Tentu saja, tidak ada yang bisa melarang kehamilan kepada siapa pun, jadi wanita dengan patologi jantung secara sadar mengambil risiko, didorong oleh keinginan yang disayangi - untuk menjadi seorang ibu. Tetapi jika kehamilan sudah terjadi, maka resep dan rekomendasi dokter harus diikuti dengan ketat: amati cara kerja dan istirahat, minum obat yang diperlukan dan dirawat di rumah sakit, jika perlu, di bawah pengawasan dokter. Persalinan pada wanita seperti itu, pada umumnya, dilakukan di klinik khusus, di mana seorang wanita dapat menerima perawatan medis darurat kapan saja (dengan mempertimbangkan patologi jantung) jika terjadi keadaan yang tidak terduga..

Diagnostik

Diagnosis pertama dari gangguan irama jantung adalah manifestasi klinisnya. Gejala aritmia tidak sama dengan manifestasi penyakit lain, jika terjadi maka harus dilakukan elektrokardiogram. Tetapi diagnosis dapat dipastikan dengan merekam kardiogram hanya jika aritmia bersifat permanen atau persisten. Dalam kasus kecurigaan aritmia paroksismal, elektrokardiogram direkam sepanjang waktu. Metode diagnostik ini disebut pemantauan Holter. Ini terdiri dari pendaftaran detak jantung secara konstan menggunakan sensor yang dipasang ke perangkat kompak. Terkadang dalam mode harian tidak memungkinkan untuk memperbaiki pelanggaran.

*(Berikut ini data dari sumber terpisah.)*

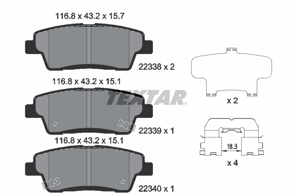 TEXTAR 2233801 - Sada brzdových platničiek, vždy 4 kusy v sade

Jika tidak ada pemantauan EKG atau Holter yang tidak mencatat penyakit ini, diagnosis aritmia yang lebih kompleks dilakukan, di mana faktor-faktor penyebab kemunculannya ditentukan. Ini memungkinkan untuk menentukan mekanisme kemunculannya. Studi ini termasuk stimulasi jantung transesophageal. Metode ini digunakan ketika ada kecurigaan sindrom sinus sakit, untuk memperjelas diagnosis dan meresepkan pengobatan pencegahan yang benar, jika sindrom WPW dicurigai adanya insufisiensi koroner laten, jika tidak mungkin untuk mendiagnosis penyakit jantung koroner dengan metode lain. Studi ini terdiri dari memaksakan ritme melalui elektroda khusus, yang dimasukkan seperti probe konvensional dan diperbaiki di kerongkongan.

Selain itu, uji kemiringan dilakukan untuk mendeteksi aritmia. Ini memungkinkan Anda untuk mengidentifikasi penyebab pingsan. Selama tes, pasien dibawa dari posisi horizontal ke vertikal dengan intensitas yang bervariasi. Tes memprovokasi keadaan pingsan, dan pemantauan detak jantung dan tingkat tekanan darah selama pemeriksaan memungkinkan untuk menentukan penyebab hilangnya kesadaran.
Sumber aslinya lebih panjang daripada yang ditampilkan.